First step is to make a new index pin between the column and base to replace the one I broke dismanteling it.

Any questions, this is the place to ask.


----------



## Wilde Racing (Feb 26, 2013)

Thanks guys,

Nelson, I'm sorry to hear about the family health problems.

I believe the mill is an early 1944 as the serial number is a 12-7683?

I was able to do a little more work. So far the only thing that doesn't seam to work is the table feed lever. tonight I pulled the lever and found it was missing the pin and had allowed the shaft to rotate. Easy fix. 

I'm now at a cross roads. What do I do from here? Should I pull the mill completely down going through everything and paint it? Should I pull just the stuff that needs maintenance and use it? Is there anything else I need to watch for? ll the gears look good in the transmission.

Also any suggestions on cleaning products? Engine degrease is working o.k....


----------



## ScubaSteve (Feb 26, 2013)

Wow...looking really nice! Mechanically, it looks really good. I'd probably clean the oil passages, etc. and just keep the major assemblies separate. No need to *really* take it apart...that's just asking for a headache....besides, you might damage something along the way. 

I'm in the midst of my refurbishment of a VN12....I have the column stripped down to bare metal and will do the same for the ram, etc. Then I'll fill, prime, and paint.....or maybe I'll skip the filler, since it is such a PITA. 

At any rate, it shouldn't be too hard to strip and repaint...that gets my vote. Be sure to post your progress....this forum seems to be the main one for all things VN12......


----------



## Dan (Feb 26, 2013)

Great Machine! I love mine, I like the war finish decal, I have a US Navy property lable on mine. For me it's function is important before beauty, get it running first then worry about paint. Are you going to move the DRO's over to this one from your Jet?

Don't retire your jet yet, it has a quill this one doesn't,


----------



## Wilde Racing (Feb 27, 2013)

I had to sell the jet to fund this project. I just ordered a cheap glass scale set-up and a vfd. I guess the plan is to pull the table and knee, clean up the gibs and and tables and reassemble. I'll also replace the oil in bothe gear boxes. Speaking of gear boxes, anyone have a line on the small site glass? Mine are bothe cracked.


----------



## ScubaSteve (Feb 27, 2013)

Search around on this forum...there have been a few threads on the sight glass. +1 to keeping the mill/drill....but I kinda assumed you sold it when you upgraded. FWIW, it looked to be in good shape. Might have come in handy to make a straightedge for scraping the VN12 into accuracy.


----------



## Cal Haines (Feb 27, 2013)

Wilde Racing said:


> ... I guess the plan is to pull the table and knee, clean up the gibs and and tables and reassemble. I'll also replace the oil in bothe gear boxes. ...

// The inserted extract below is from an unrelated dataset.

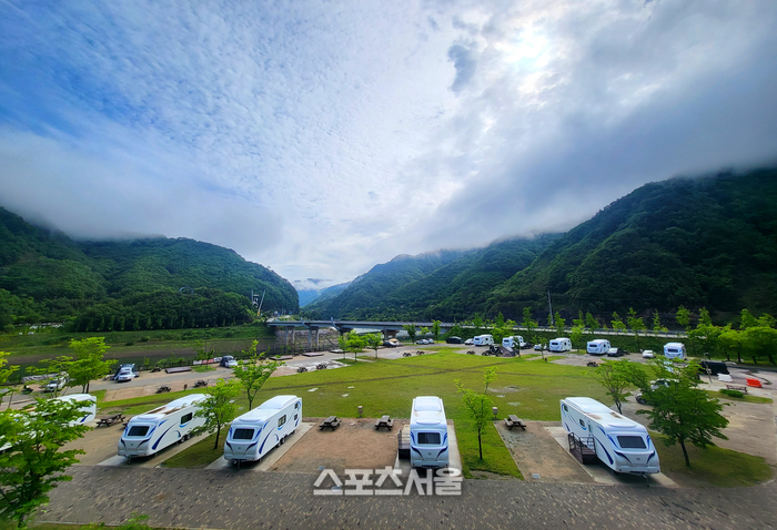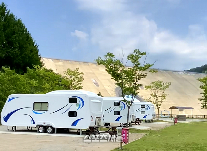 [스포츠서울ㅣ화천=김기원 기자] 화천 평화의 댐 오토 캠핑장 내 카라반 시설이 새로운 명소로 인기를 끌고 있다.

Do you mean pull the table and saddle?  Pulling the knee is also a good idea if the table and saddle show signs of poor maintenance.  There's no provision to supply oil to the knee's vertical way and krud tends to build up in the cavity on the back of the knee.  I would suggest flushing the ram and feed gearbox with kerosene and filling with fresh oil.  The cutter-head should also be flushed and filled with new oil and the rear bearing greased.  Don't take the cutter-head apart unless there is a good reason to do so.

Post a photo of your cutter-head so that I can see which one you have.

_Cal_


----------



## Wilde Racing (Mar 1, 2013)

What part of the cutter head are you talking about?


----------



## Cal Haines (Mar 1, 2013)

Wilde Racing said:


> What part of the cutter head are you talking about?


I'm not sure what you're asking.  I would like to see a photo of your cutter-head so that I can tell which one you have.  There is an oil reservoir in the cutter-head that needs to be flushed and filled.  Depending on the model of the cutter-head, the front bearing may be lubricated from the oil reservoir or lubricated with grease; either way, the bearings need to be cleaned and greased if they are of that type.  This should be done without disassembling the spindle.

_Cal_


----------



## Wilde Racing (Mar 1, 2013)

Here are the pictures of the cutter head..


----------



## ScubaSteve (Mar 1, 2013)

Yours is pretty darn similar to mine (even down to the crappy paint! LOL)....I opened the access cover just to put an eyeball on things....it uses grease (also has grease fittings for each bearing...but that doesn't always mean much).


----------



## ScubaSteve (Mar 1, 2013)

Cal Haines said:


> Depending on the model of the cutter-head, the front bearing may be lubricated from the oil reservoir or lubricated with grease; either way, the bearings need to be cleaned and greased if they are of that type.  This should be done without disassembling the spindle.
> 
> _Cal_



Cal, how do you recommend doing this? With grease fittings, I'm unsure of how to get kerosene or similar solvents in there to flush things out.....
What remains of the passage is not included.